(STORED DATA)
===

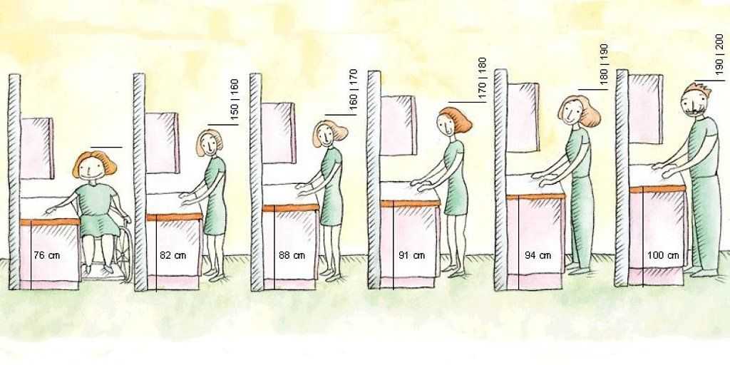 Обязательно учитывается рост взрослых хозяев. Измеряем именно средний показатель. При этом если на кухне регулярно готовит только один человек — то нет необходимости учитывать средний рост. Но все же чем ниже полочки, тем легче их эксплуатировать, вне зависимости от того, с какой целью они используются. Итак, если средний рост взрослых получился ниже 178 см — нижнюю кромку шкафчиков размещаем в 155 см от пола. При показателе в пределах 178—185 см секции вешаются на уровне 160 см. При большем среднем росте низ модулей должен находиться в коридоре 160—175 см, пропорционально полученному результату. Желательно, чтобы верхние полочки располагались не выше 20—25 см над головой самого низкого из взрослых. Полки выше 210 см от пола являются нефункциональными. Минимально низкое размещение навесного яруса мебели — 135 см, однако некоторые рекомендуют ставить их не ниже 145—150 см для людей среднего роста.
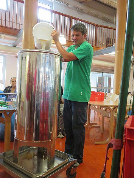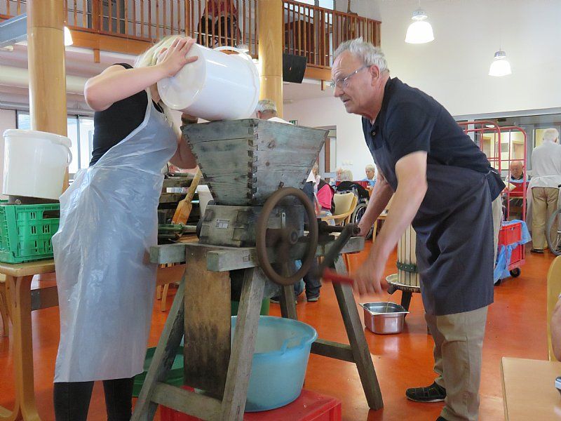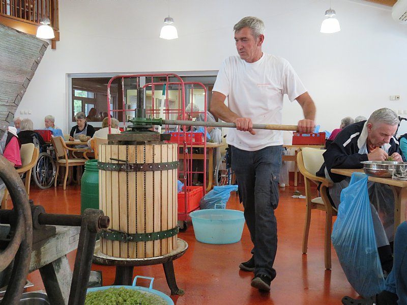 sprešali v ročni preši in dobili 180 litrov mošta,
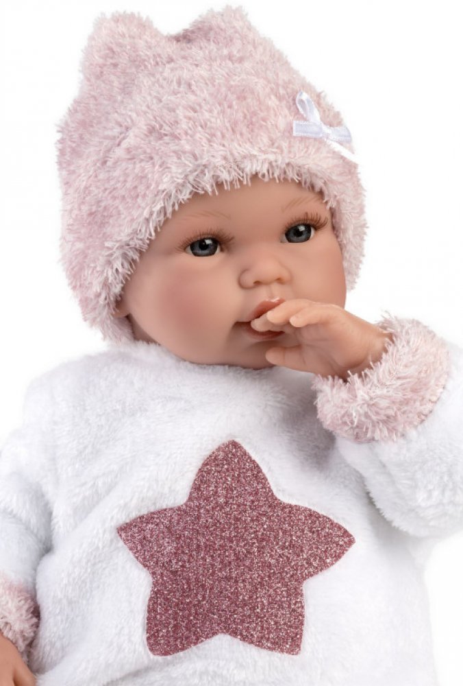 Mluvící miminko s měkkým látkovým tělem, které po zatlačení na hrudník začne říkat „mama“, „papa“ a vydávat reálný zvuk plačícího miminka.

===

(PROBLEM TO WORK ON)
What the answer needs is every line from the one with "sprešali v ročni" through the last line of the data, reproduced word for word and with pictures omitted.

(RESPONSE)
 sprešali v ročni preši in dobili 180 litrov mošta,
 Mluvící miminko s měkkým látkovým tělem, které po zatlačení na hrudník začne říkat „mama“, „papa“ a vydávat reálný zvuk plačícího miminka.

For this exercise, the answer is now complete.